Since this feature also adds a checkbox to the admin page, and adds a new property the Realm model that can be modified from there, you also need to make changes to the update_realm function in the same file: :

# zerver/views/realm.py

def update_realm(request, user_profile, name=REQ(validator=check_string, default=None),
                 restricted_to_domain=REQ(validator=check_bool, default=None),
                 invite_required=REQ(validator=check_bool, default=None),
                 ...more arguments):

  # ...

  if invite_by_admins_only is not None and
    realm.invite_by_admins_only != invite_by_admins_only:
      do_set_realm_invite_by_admins_only(realm, invite_by_admins_only)
      data['invite_by_admins_only'] = invite_by_admins_only

Then make the required front end changes: in this case a checkbox needs to be added to the admin page (and its value added to the data sent back to server when a realm is updated) and the change event needs to be handled on the client.

To add the checkbox to the admin page, modify the relevant template, static/templates/admin_tab.handlebars (omitted here since it is relatively straightforward).
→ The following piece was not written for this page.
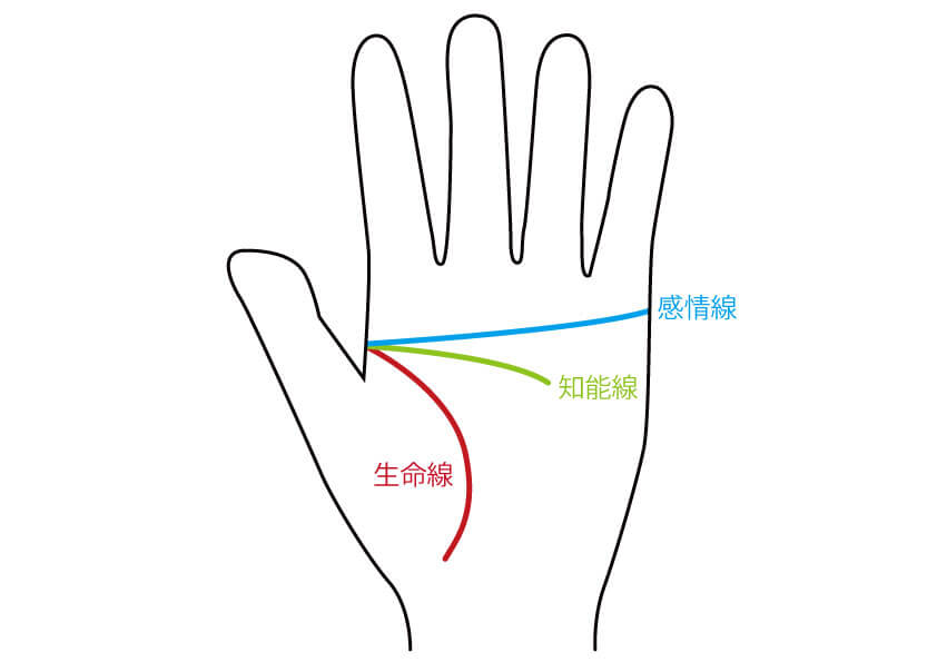 感情線と知能線と生命線の始点が、全て同じで、どの線も濃い

Then add code to handle changes to the new form control in static/js/admin.js. :

var url = "/json/realm";
var new_invite_by_admins_only =
data[invite_by_admins_only] = JSON.stringify(new_invite_by_admins_only);

  url: url,
  data: data,
  success: function (data) {
    # ...
    if (data.invite_by_admins_only) {
      ui_report.success("New users must be invited by an admin!", invite_by_admins_only_status);
    } else {
      ui_report.success("Any user may now invite new users!", invite_by_admins_only_status);
    # ...

Finally, update server_events.js to handle related events coming from the server. :

# static/js/server_events.js

function dispatch_normal_event(event) {
    switch (event.type) {
    # ...
    case 'realm':
        if (event.op === 'update' && event.property === 'invite_by_admins_only') {
            page_params.realm_invite_by_admins_only = event.value;

Any code needed to update the UI should be placed in dispatch_normal_event callback (rather than the channel.patch) function. This ensures the appropriate code will run even if the changes are made in another browser window. In this example most of the changes are on the backend, so no UI updates are required.

Update documentation

After you add a new view, you should document your feature. This feature adds new functionality that restricts inviting new users to admins only. A recommended way to document this feature would be to update and/or augment Zulip’s user documentation to reflect your changes and additions.
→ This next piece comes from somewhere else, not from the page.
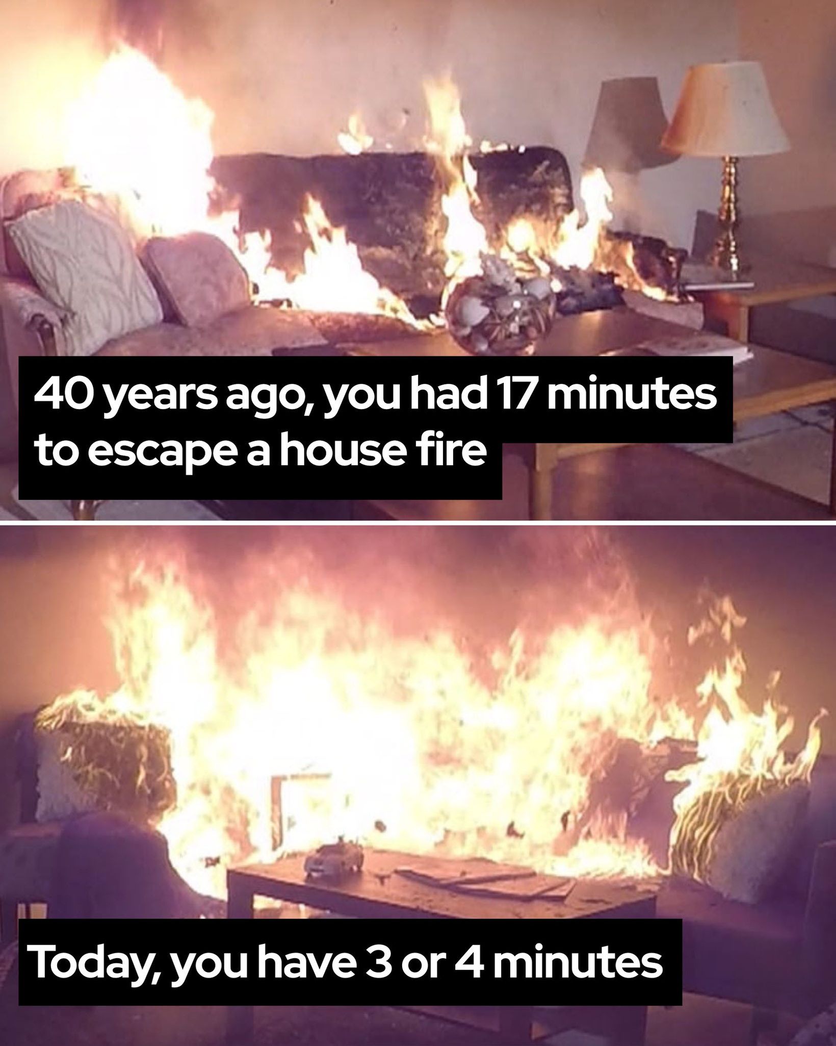 Früher wurden Häuser aus Massivholz gebaut und mit natürlichen Materialien wie Baumwolle, Wolle und echtem Leder ausgestattet. Brände in diesen Häusern breiteten sich langsam aus, sodass die Menschen Zeit hatten, aufzuwachen, zu reagieren und zu fliehen.

At the very least, this will involve adding (or modifying) a Markdown file documenting the feature to templates/zerver/help/ in the main Zulip server repository, where the source for Zulip’s user documentation is stored. For information on writing user documentation, see Zulip’s general user guide documentation.

For a more concrete example of writing documentation for a new feature, see the original commit in the Zulip repo that documented this feature, the current source, and the final rendered documentation.